Anastasiya Bolton, is a seven-time Emmy award-winning broadcast journalist, storyteller, and a media expert. She’s spent 22-years telling complex, emotional, impactful stories, working with victims and survivors, local, state, and federal first responders, for-profit corporations, and non-profit agencies all over the U.S. and internationally.
She’s covered mass casualty events, school shootings, line of duty deaths, natural and man-made disasters.

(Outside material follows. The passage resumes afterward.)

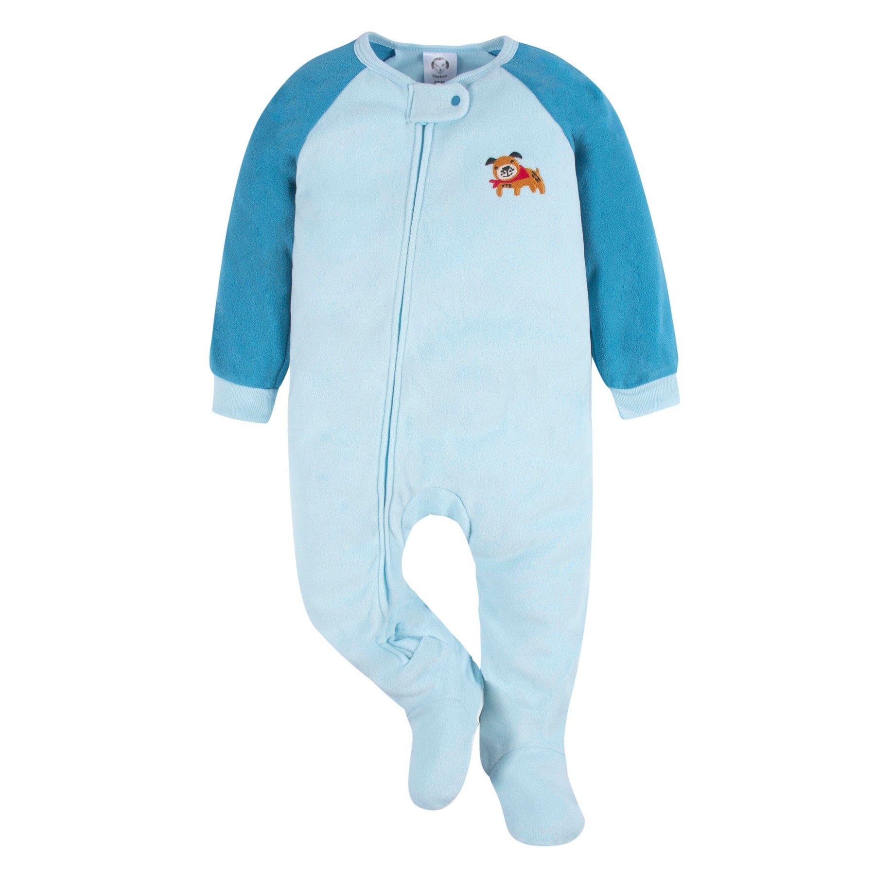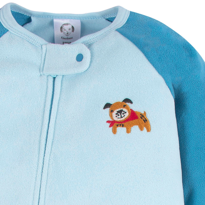 Our dog themed microfleece blanket sleepers are perfect for when you’ve got the AC on high or it’s chilly outside. Made with polyester microfleece, they’re soft and flame resistant for safety. Each toddler blanket sleeper features a zipper down the front to keep middle-of-the-night changes quick and simple. Plus, the baby sizes all have safety tabs at the top of the zipper to prevent their sweet faces from being poked and irritated (safety tab not included on toddler sizes). This two pack of snuggly baby and toddler sleepers are designed with fun prints and colors to add a little excitement to sleepy time. Each blanket sleeper is machine washable and dryable. We had our essentials independently certified with STANDARD 100 by OEKO-TEX® so that you don’t have to worry about harmful substances in your baby’s nursery.

Anastasiya’s told stories from the Olympics in Sochi, Russia, covered hurricanes, including Katrina. Traveled to Aruba looking for Natalee Holloway and reported on the kidnapping of 10-year-old Colorado girl, Jessica Ridgeway. She’s told stories of heroes
and survivors of massive wildfires, including the Marshall Fire in CO. She’s shared the voices of communities impacted by mass shootings, including the Aurora, CO movie theater, the Sutherland Springs, TX church tragedy and the Santa Fe, TX school
shooting. Anastasiya produced investigative stories, reporting on the state of school safety in Colorado post Columbine, and most recently provided a comprehensive account of the crisis at the Texas-Mexico border.
Anastasiya spent more than a decade working for the highly respected, dominant KUSA-TV, the NBC affiliate in Denver. When she moved to Houston in 2018, she produced a national digital-first show for Facebook Watch and then worked on a Texas- wide investigative team that produced television and digital stories for multiple Texas- based stations. Her work aired in Dallas, Houston, San Antonio, Austin, Beaumont, Tyler and other cities.
Anastasiya’s work has been recognized by 22 national, regional, and local awards. In 2018 The Rocky Mountain Victim Law Center recognized Anastasiya with the Victims’ Rights Champion award for her work on a story that helped change Colorado law,
guaranteeing victims access to information on their incarcerated offenders.